Python and bash scripts to calculate the persistence diagram of an embedded dataset in R^3. Calculate the optimal cycles in the specified dimension and return the indices of points which are vertices of the cycles.
It is necessary to install optiperslp, which can be found
here together with installation instructions.
To guide the installation of CGAL (a requirement) and its dependencies, there is a file
in the folder installation with a .sh file (cgal.sh
) specifying packages and installation.
Modify to your use. There is also a .sh file (optiperslp.sh
) to install OptiPersLP.
The python packages required are:
- numpy
- umap
The pipeline to use the algorithms is given in the figure below.
The function convert_and_save()
takes 4 arguments:
dataset: Dataset to be embedded using UMAP
save_path: path where the embedded dataset together with radius will be saved
n_components (optional): embedding dimension to be used in UMAP. Default is 3.
dataset_name (optional): name of dataset to be used when saving. Default is None.
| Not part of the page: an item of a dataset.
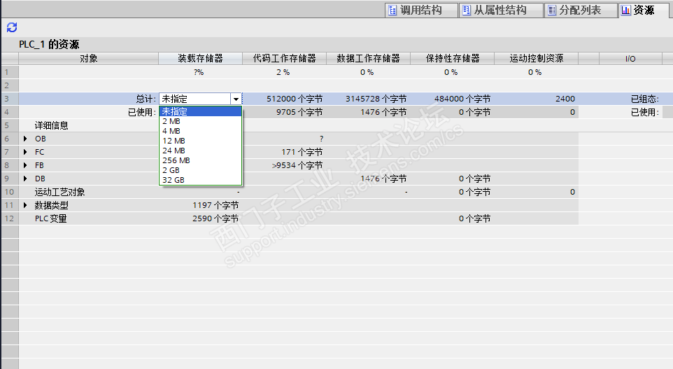 因为现在系统认为没有装载存储器(未指定),已使用的存储器已超出范围,所以会显示红色。你可以鼠标点一下未指定,然后选择准备使用的装载存储器的大小,只要总计的大于已使用的,就不会显示红色了。

If None
is used then the dataset is named 'embedded_dataset.txt' when saving
The function call_optiperslp()
takes 4 arguments:
dimension_pd (optional): Dimension of persistence diagram to be calculated. Default is '1'
save_path (optional): path where the embedded dataset together with radius was saved
with convert_and_save. Default is '.'
dataset_name (optional): name of dataset used when saving. Default is None. If None is
used then the 'embedded_dataset.txt' is used.
output_path (optional): partial path to the outputs of optiperslp. Default is '.'. The
outputs will be saved in output_path + '/' + dataset_name. If dataset_name is None,
then the output is saved in output output_path + '/embedded_dataset'
The function most_important_points()
takes 4 arguments:
embedded_dataset: the embedded dataset with a zero column in the end returned
by convert_and_save.
output_path: total path to the outputs of optiperslp.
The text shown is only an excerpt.